HI, My partner and I had a baby with the help of a surrogate. Can anyone help me with the following questions:

Once I hand in C51 application do they immediately give me a case number? Am I suppose to send C52 to the Surrogate immediately or does the court send it?

How long approx before CAFCAS visit? How long approx does the whole process take?

Thanks in advance for any helpful info.

Daphne


----------



## NatGamble (Mar 1, 2007)

Hi Daphne

I've answered as well on your other thread, but just to pick up the missing questions:

The court won't normally give you a case number straight away - your application usually takes a couple of weeks to be logged and issued.  It's up to you to give the C52 to your surrogate, but strictly speaking you should wait for the version (stamped and with the case number) which the court sends to you to pass on.  The court won't normally contact your surrogate direct (although that's not entirely unheard of!).

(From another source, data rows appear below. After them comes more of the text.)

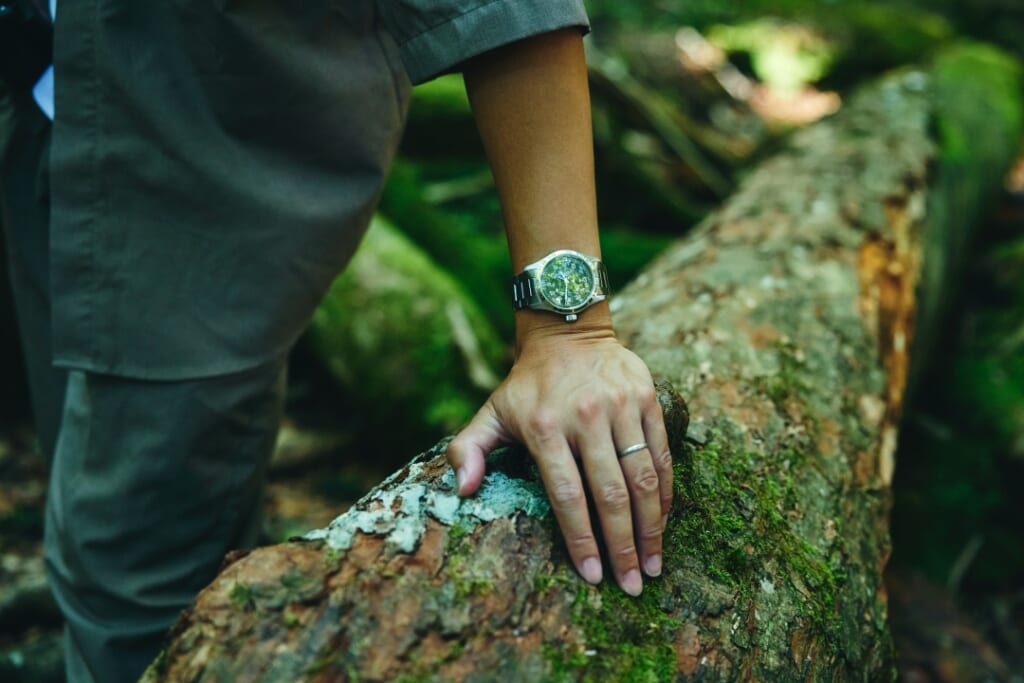 ステンレススチール製ケースや耐傷性サファイアクリスタル風防など、ハードな環境に耐える設計もこの時計の特徴。温度変化や衝撃にも強く、砂埃や湿気にも配慮した設計で、登山やキャンプ、トレッキングといった、アクティブなアウトドアシーンでもでもタフに使えます。
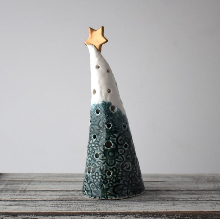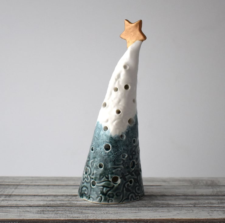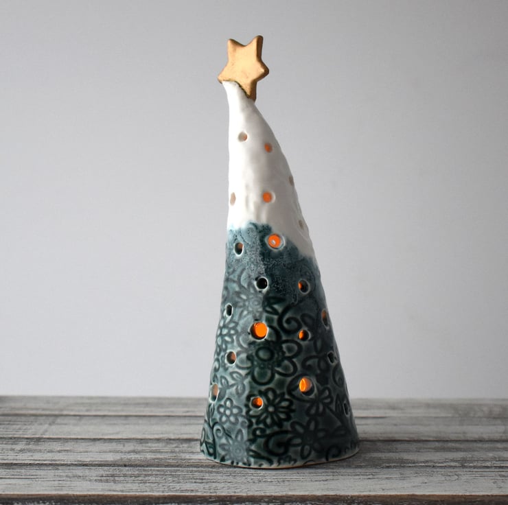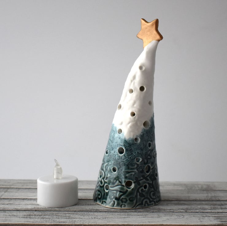 A cone shaped pottery Christmas tree with LED tea light included, standing around 16.5cm tall.
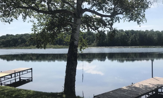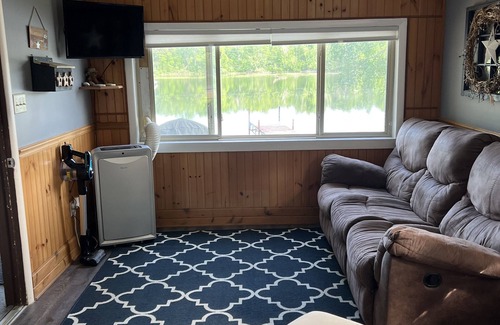 Renovated bathroom and new flooring throughout for SPRING 2022.......This cabin has plenty of room for a family. Two bedrooms and one bathroom. One bedroom has a queen and a twin. The other bedroom has a full and a twin with a trundle. There is a large living/dining and kitchen area. You will have your own dock and firepit. The water is right out the front door. We also offer kayak rental at the property. Our place is quiet and relaxing. Each cabin has a screened-in porch with a table and chairs. We also have wifi for the rainy days! If interested in renting both cabins, the property ID for the adjacent cabin is 1609742.
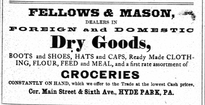 Joseph T Fellows ran a grocery and dry goods store at the corner of what is now Luzerne Street and Main Avenue. This was likely the first “Fellows’ Corners” in Hyde Park.
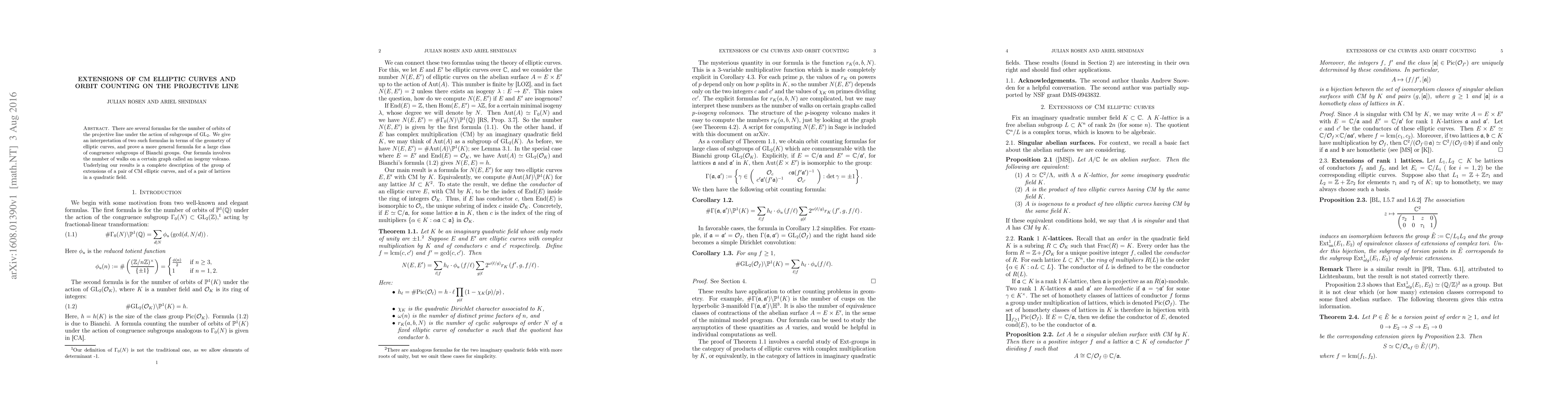 There are several formulas for the number of orbits of the projective line under the action of subgroups of $GL_2$. We give an interpretation of two such formulas in terms of the geometry of elliptic curves, and prove a more general formula for a large class of congruence subgroups of Bianchi groups. Our formula involves the number of walks on a certain graph called an isogeny volcano. Underlying our results is a complete description of the group of extensions of a pair of CM elliptic curves, and of a pair of lattices in a quadratic field.
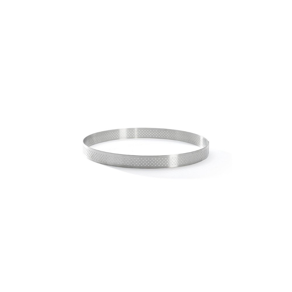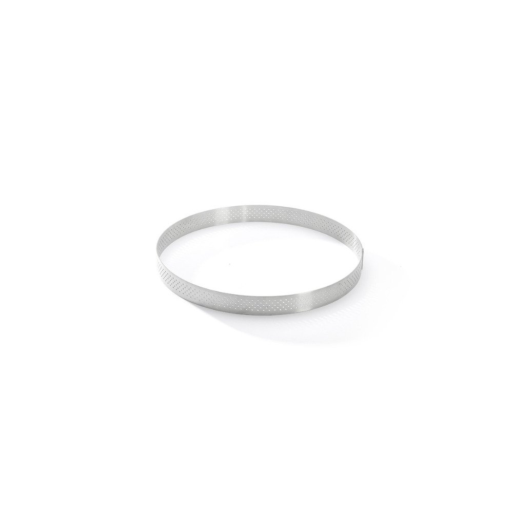Anel para torta redondo perfurado em aço inoxidável ideal para tortas, tortinhas, bolos e quiches.
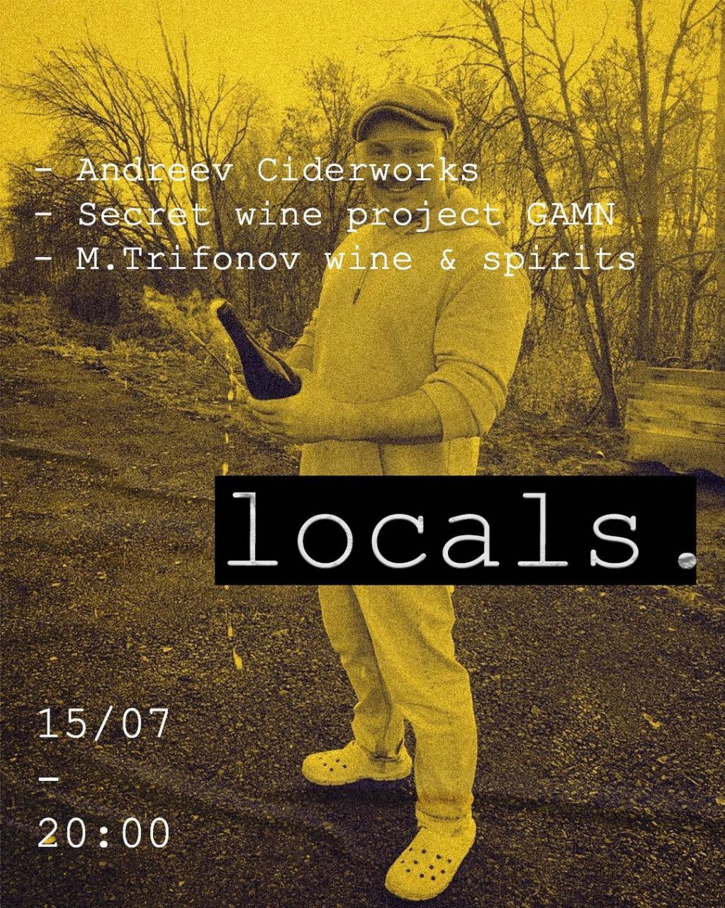 Гостей ожидают малотиражные напитки ручной работы от настоящих фанатов своего дела: 5 сидров от Andreev Ciderworks, 3 вина от секретного винного проекта GAMN, дистиллят из хурмы от главного гаражиста ЛО Михаила Трифонова.
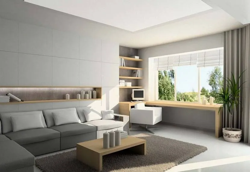 простой интерьер, как на следующем фото, или сложный, когда гостиную комбинируют с рабочим кабинетом, требует зонирования. Это обязательное условие для небольшой комнаты, так как только жесткая структура визуально превращает ее в просторную;
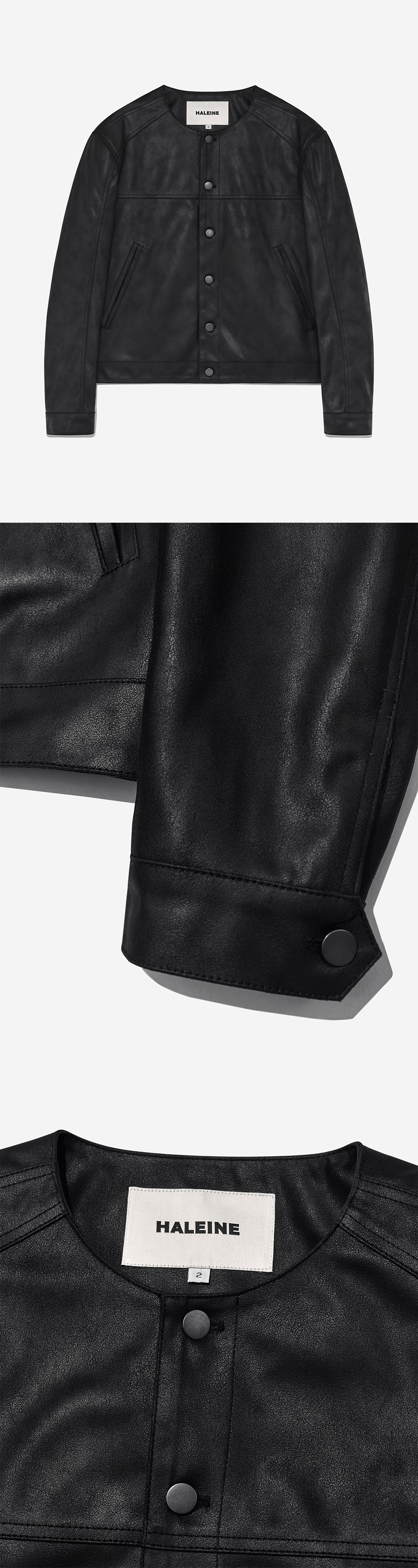 알렌느 크롭 칼라리스 포우 레더 자켓 블랙
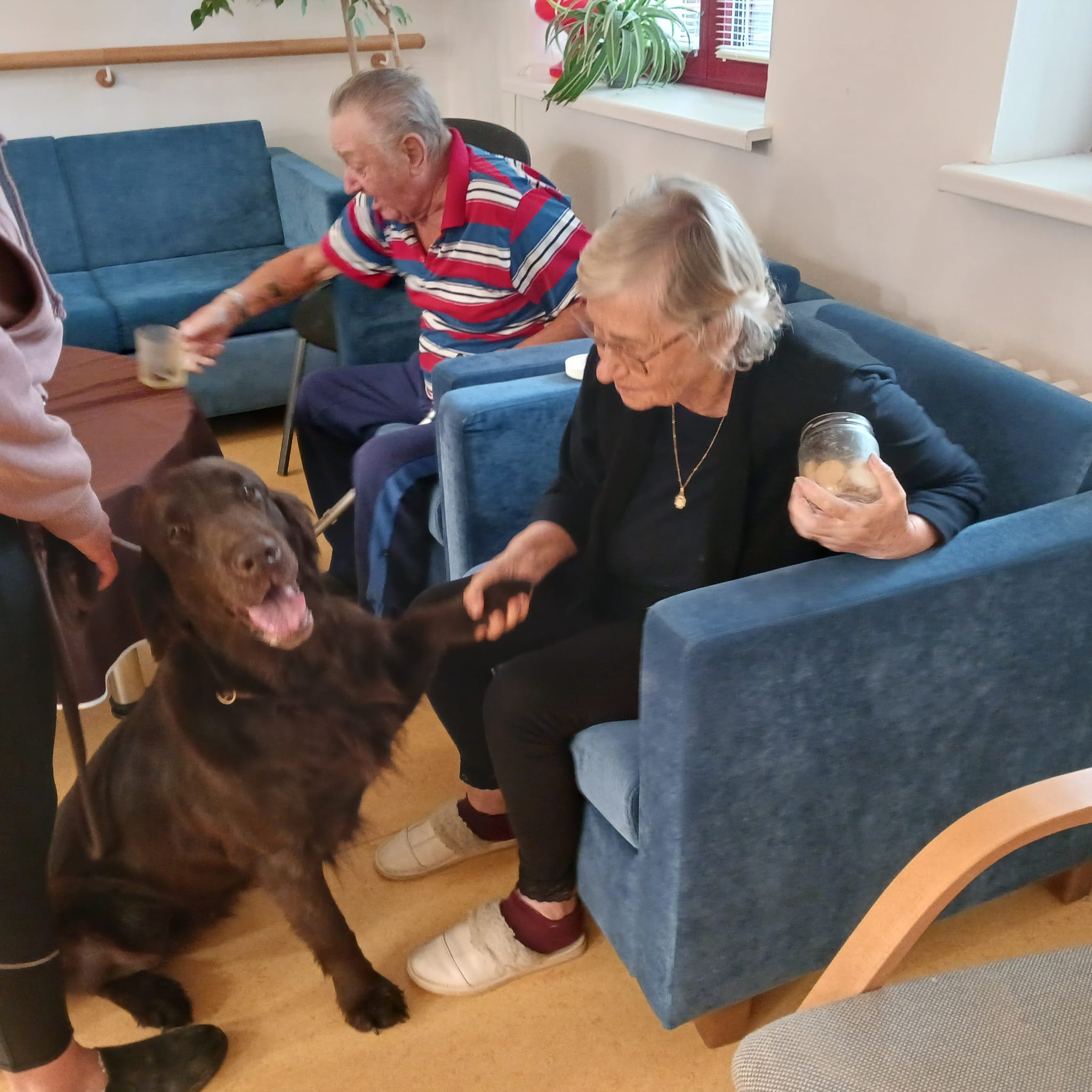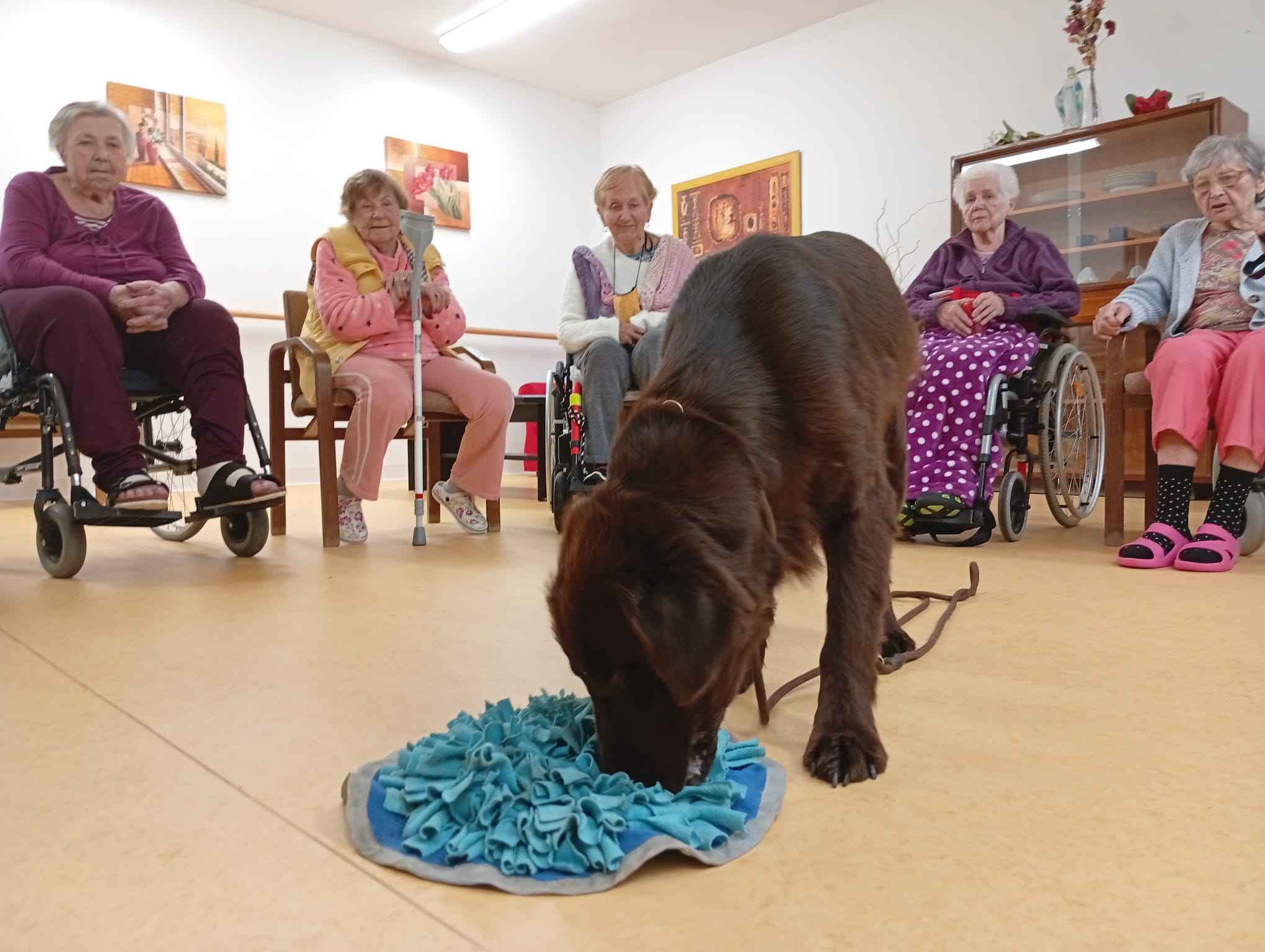 Senioři měli možnost se s ní pomazlit, házet jí hračky a vyzkoušet jednoduché povely. I ti, kteří se zpočátku ostýchali, nakonec našli odvahu Mimmi pohladit – a právě tyto malé krůčky jsou důležitou součástí terapeutického procesu.
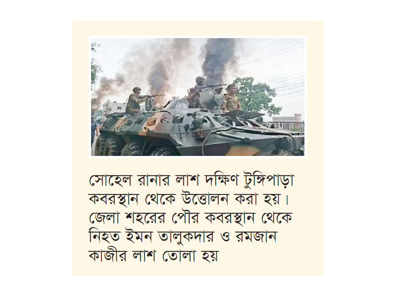 এরই ধারাবাহিকতায় বেলা ১২টা ৪৫ মিনিটের দিকে জেলা শহরের পৌর কবরস্থানে নির্বাহী ম্যাজিস্ট্রেট রাসেল মুন্সি ও রন্টি পোদ্দারের উপস্থিতিতে নিহত রমজান কাজী ও ইমন তালুকদারের লাশ উত্তোলন করা হয়। অন্যদিকে, টুঙ্গিপাড়ার সহকারী কমিশনার (ভূমি) মো. মারুফ দস্তেগীরের উপস্থিতিতে নিহত সোহেল রানার লাশ উদ্ধার করা হয়। নিহতদের লাশ উদ্ধার শেষে সুরতহাল প্রতিবেদন করে ময়নাতদন্তের জন্য গোপালগঞ্জ ২৫০ শয্যা বিশিষ্ট জেনারেল হাসপাতালে পাঠানো হয়েছে।
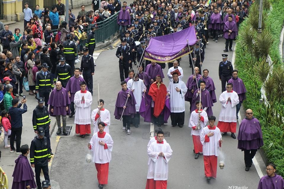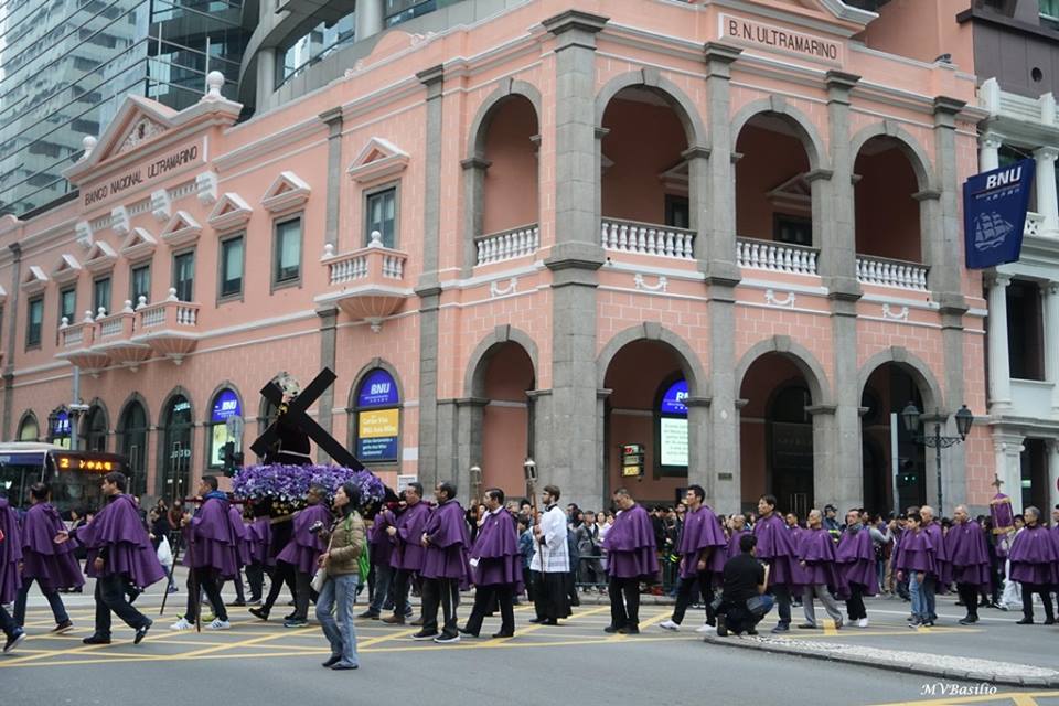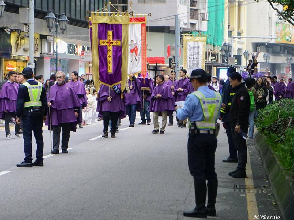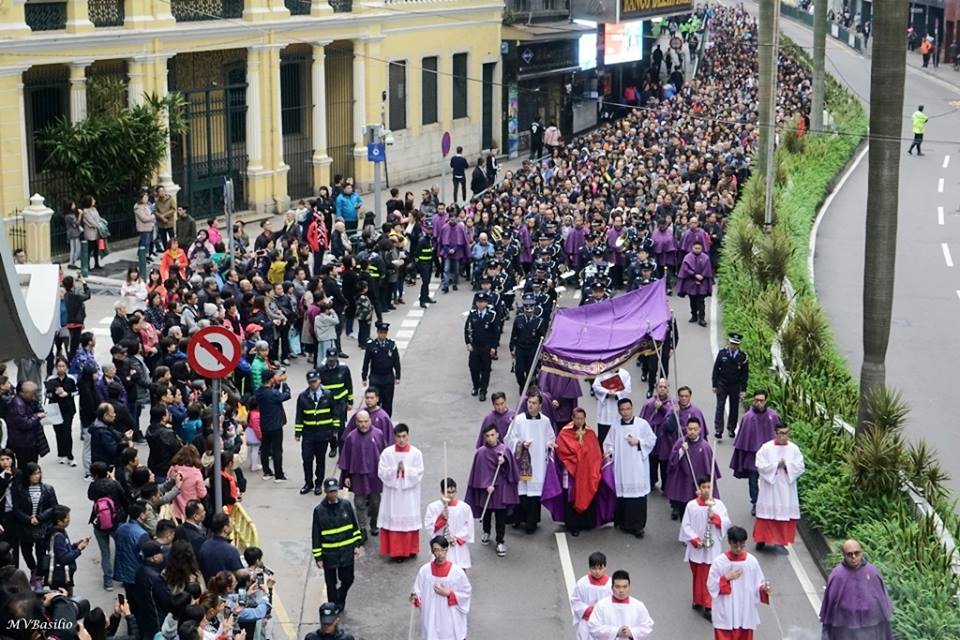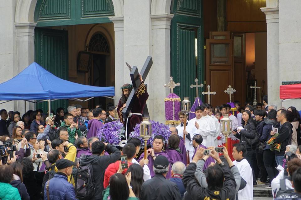 Mais um ano, em 2019, e novamente a procissão de Nosso Senhor dos Passos é realizada! A expectativa que esta tradição continue por longos anos. O comentário deste editor, um macaense residente no exterior há muito tempo, que se repete anualmente com postagens da procissão, é de satisfação pelo cumprimento do acordo que criou a Região Administrativa Especial de Macau-RAEM em 1999, no aspecto da liberdade religiosa, num território hoje pertencente à China, após a devolução pelos portugueses, que tem suas próprias leis sobre práticas religiosas e esta manifestação há que se ver se seria autorizada no continente. Soma-se a isto, a participação da gloriosa P.S.P. Polícia de Segurança Pública, de novo, com a sua banda a prestigiar a procissão. Bem haja todas as pessoas de boa vontade e que respeitam o ‘statu quo’ de Macau como uma região especial da China. Vejamos a seguir, texto descritivo de como ocorreu a procissão com fotos de colaboradores nomeados, pelo que se agradece (Rogério P D Luz).

Getting a CAFCASS officer appointed is the bit that often takes quite a while (and then arranging an appointment, and then getting the report done).  The PO Reporters are on the whole really good and supportive though, so nothing to worry about.

Best of luck

Natalie


----------



## nostalgicsam (Jul 1, 2005)

"The PO Reporters are on the whole really good and supportive though, so nothing to worry about"

ours was awful so I hope you get a 'good' one, ours only ever dealt with adoption and despite me giving her loads of the notes and legalities on surrogacy - yes me telling her, she didn't listen to me at all or anyone else and dealt with our PO just like it was an adoption, it was a nightmare from start to finish !


----------